Cuando la camioneta llegó a Sta Cruz, Eleanor se bajó en la calle de la Penitenciaría, curiosamente al frente de la Iglesia Adventista y hacia el norte se encuentra la casona vieja donde funciona el registro civil, todo en la misma plaza de las palmeras, donde pasó su primera infancia con Martín.

Recorrió el centro, comió hamburguesas, visitó los nuevos supermercados y los de siempre, buscó a viejos amigos, pero ya nadie vivía en el mismo lugar. Se hizo de noche y caminó por la carretera que lleva a Bucalemu. Llegó al mirador del cerro de la virgen y se sentó en un banco a mirar el cielo, sólo se ven las luces de la emergente ciudad; aparte de eso, con la oscuridad el paisaje era una gran nada.

De la boca de Eleanor salía vapor, había dos grados bajo cero y eran las doce de la noche. Repentinamente el cielo se despejó y las estrellas comenzaron a salir una a una. Recordó cuando tenía cinco años y Martín decía que le gustaban las estrellas porque eran brillantes y pensaba que algún día podría tomarlas entre sus manitas.

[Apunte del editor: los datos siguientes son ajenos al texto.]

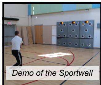
Demo of the Sportwall

In December 2011, Esperanza Health Center opened a new facility across the street from HPCA. It is a community-based, non-profit health center that provides affordable, quality, bilingual primary health services in Jesus' name, without regard to an individual's ability to pay. Esperanza serves approximately 8,600 patients in their three locations. At the Hunting Park location, in addition to offering health care, Esperanza offers a healthy café, Zumba and kickboxing classes, and family cooking classes for the community.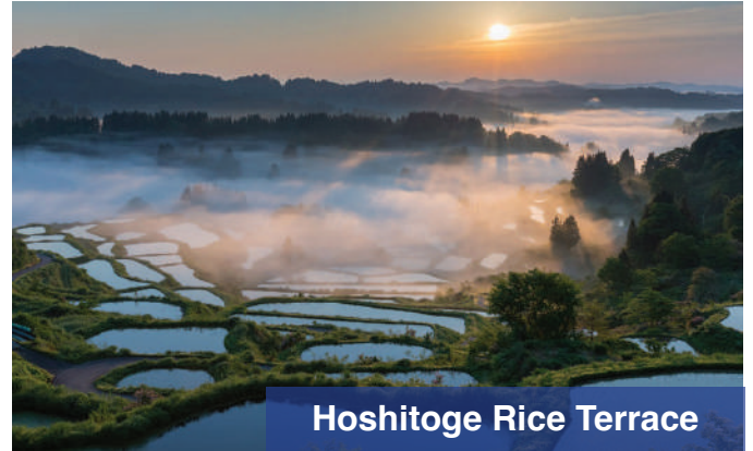
Hoshitoge Rice Terrace

• Accommodation: Yuzawa Grand Hotel or similar (Onsen Hot Spring)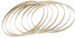
GOLD LAYERED 5.232.003.05 SEMANARIO BANGLE, POLISHED FINISH, TRI TONE (SIZE 5 - 2.50 INCHES DIAMETER)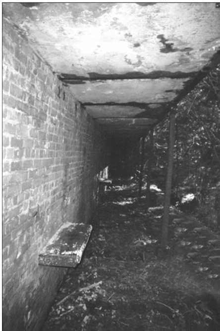
Mysterious “bus stop” off Green Hill Cove Trail

We had been warned the trail was challenging, maybe a bit extreme so we were expecting to meet some impassable situations that would cause us to turn back. However, with our maps, and a good sense of space and direction, we found that the trail was quite distinct and simply narrowed. The worst problem for us was that a trench, formed in the middle of the trail, had filled with water. By just wearing regular running shoes, we risked damp feet and were so ill prepared for the wet ground. But, both of us continued on undaunted stopping only to marvel at some of the natural wonders we happened upon. At the end of the trail there was a clearing and then the abrupt great drop at the end of the range. There still stands the rusted mechanics used to hoist targets up and down on the range. Of the entire day's hike this should be a cautionary point to remember if you follow in our footsteps. Care and attention is advised, there is a possibility of falling off the wall into the crevasse but it is really only a possibility for the foolhardy or reckless.

Una mano se posó en su hombro, era un hombre de unos 30 años, vestido de negro, se presentó como mensajero de alguien que no se olvidó de ella. Le dijo que Martín está bien, preocupado por su hermana que siempre anda tentando a la muerte. Mandaba a decir que ya llegará el día en el que se vuelvan a ver, pero que todavía no es el momento.

Al amanecer salió el sol como nunca antes lo vio Eleanor en su vida. Se devolvió a la playa a retirar sus cosas, volvió a Santiago y trabajó. Con los años se casó y formó una familia. Al menor de sus hijos le puso Martín. Es punk y toca batería.